The equation of motion of the body has the form s = 20t-0.4t ^ 2 1) determine how many seconds from

The equation of motion of the body has the form s = 20t-0.4t ^ 2 1) determine how many seconds from the starting point the body will stop? 2) the module of acceleration “a” with which the body moves?

Given:

s (t) = 20 * t – 0.4 * t ^ 2 – the equation of motion of a body.

It is required to determine t (second) – the time interval after which the body will stop, as well as a (m / s2) – the body’s acceleration.

Let us find the equation of the body’s velocity by fulfilling the first-degree derivative of the equation of motion:

v (t) = s (t) ’= (20 * t – 0.4 * t ^ 2)’ = 20 – 0.8 * t.

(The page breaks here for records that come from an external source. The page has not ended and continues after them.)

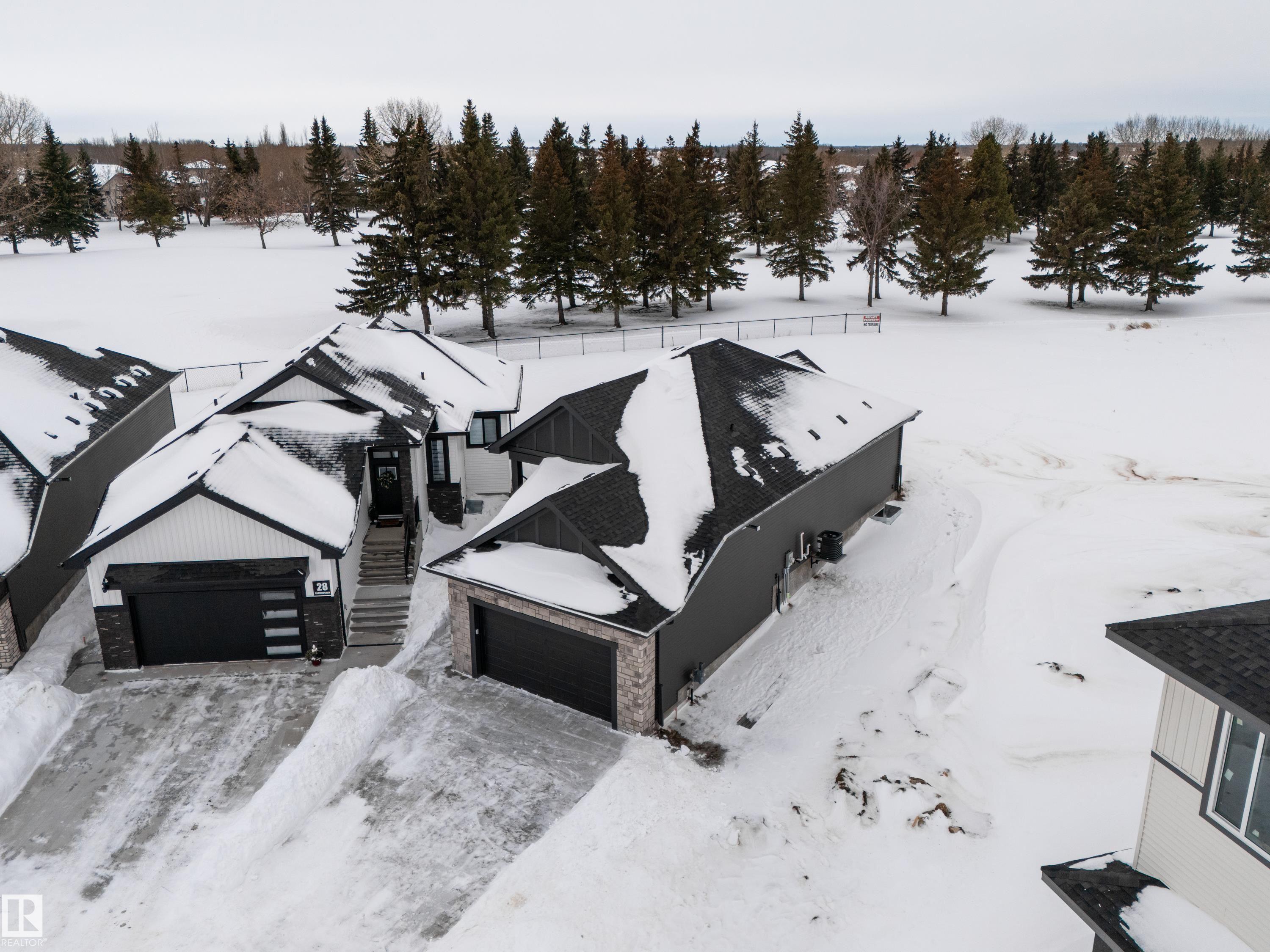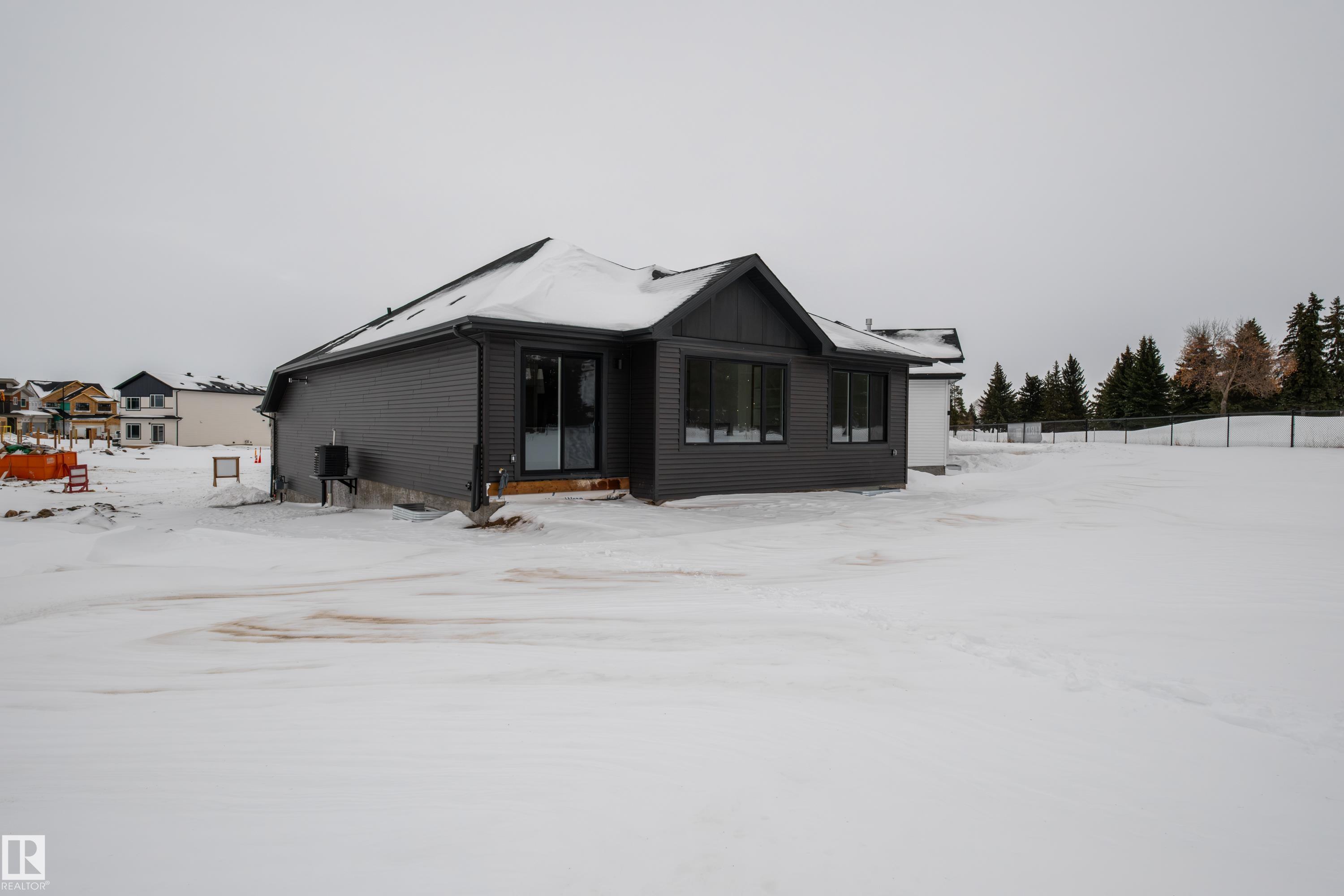 Nestled on a .24 acre pie shaped lot backing the 3rd hole of the Stony Plain Golf Course awaits a truly unique bungalow brought to life by HRD Homes. With sophisticated details and high end finishings around every corner this home exudes elegance and class. This open concept home is bright & airy and features 2 beds, 1.5 bath, vinyl plank flooring, tiled kitchen backsplash, s/s appliances, under cabinet lighting, a large island that's perfect for gatherings, walk through pantry, main floor laundry, custom built ins & wooden details, tankless hot water system, heated garage, BBQ gas line, 9ft ceilings w/ 8ft solid core doors and the-list goes on. The basement is unfinished but not needed unless desired as you have over 1,520sqft of living space on the main level. A home like this rarely comes to market and is perfect for empty nesters looking for a large lot or those looking to downsize yet still wanting the high end finishes and attention to detail.
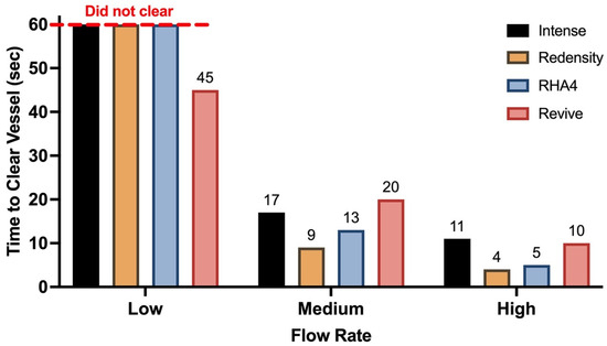 Clearance time of embolic burden for each product at different flow rates.
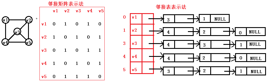 1)联系: 邻接表中每个链表对应邻接矩阵中的一行,链表中结点个数等于一行中非零元素的个数
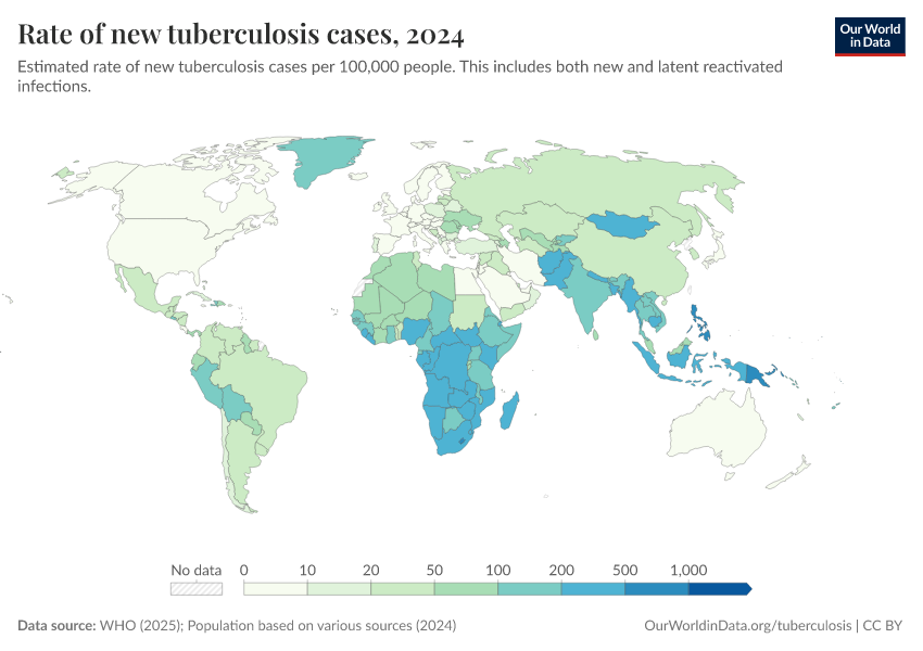 Saloni Dattani, Fiona Spooner, Hannah Ritchie, and Max Roser (2023) - “Tuberculosis” Published online at OurWorldinData.org. Retrieved from: 'https://gfs-wave-2-new.owid.pages.dev/tuberculosis' [Online Resource]BibTeX citation
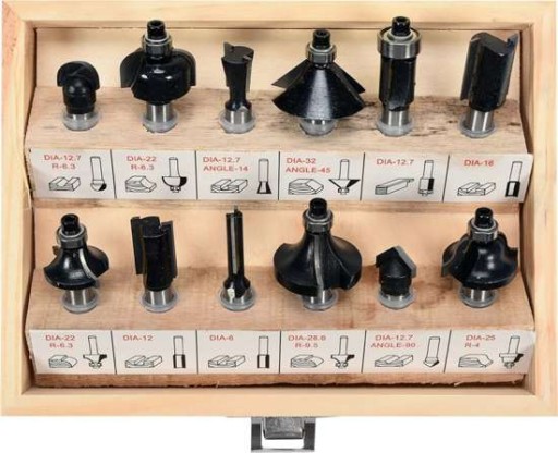 Frezy do drewna kpl. 12 sztuk o średnicy trzpienia 8 mm. Służą do frezowania przy użyciu górnowrzecionowej frezarki w naturalnym drewnie, sklejkach i płytach wiórowych . Przydatne w każdym domowym warsztacie.
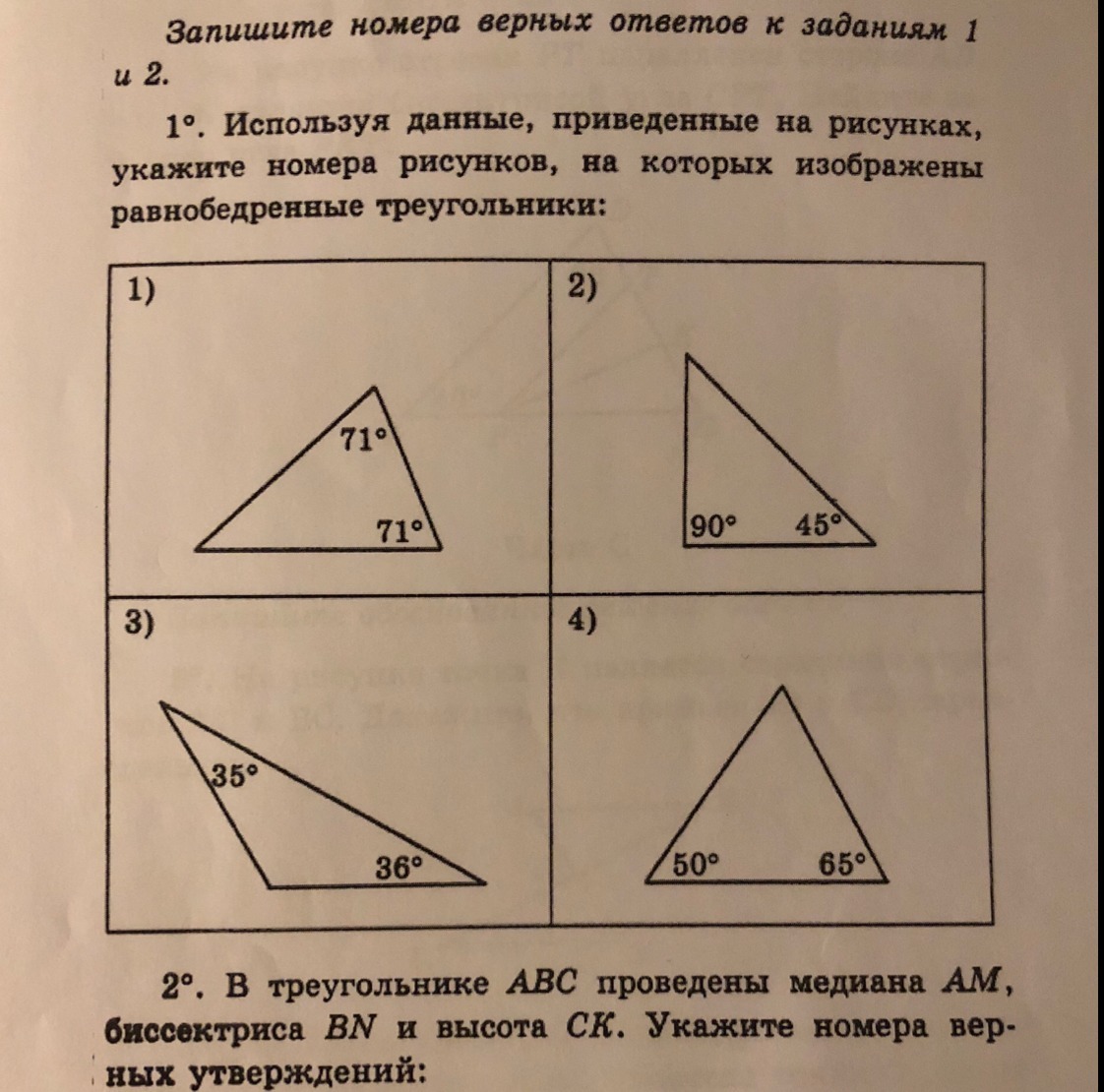 1 2 4. Так как сумма углов в треугольниках = 180 градусам.
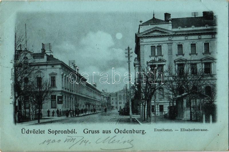1900 Sopron, Oedenburg; Erzsébet út este. Kummert L. 87. https://www.darabanth.com/de/368-Fernauktion/368.0/Ansichtskarten/Ungarn~500004/1900-Sopron-Oedenburg-Erzsebet-ut-este-Kummert-L-87~II2134910
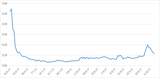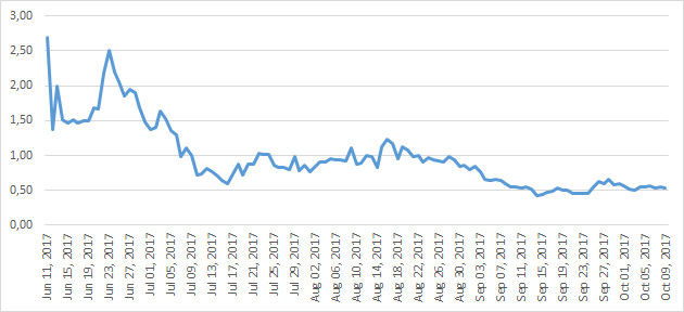 According to Coinmarketcap, the capitalization of SONM tokens is 47.5 million rubles (as of October 9), one coin is worth 0.12 dollars. The cost of the token compared to the date of entering exchanges has decreased almost 3.5 times.

When the body stops, its speed will be zero. Based on this, we get:

20 – 0.8 * t = 0;

20 = 0.8 * t;

t = 20 / 0.8 = 200/8 = 25 seconds.

Let us find the acceleration of the body by fulfilling the derivative of the velocity equation:

a = v (t) ’= (20 – 0.8 * t) = -0.8 m / s2, | a | = | -0.8 | = 0.8 m / s2.

Answer: the body will stop 25 seconds after the start of movement, the body’s acceleration modulus is 0.8 m / s2.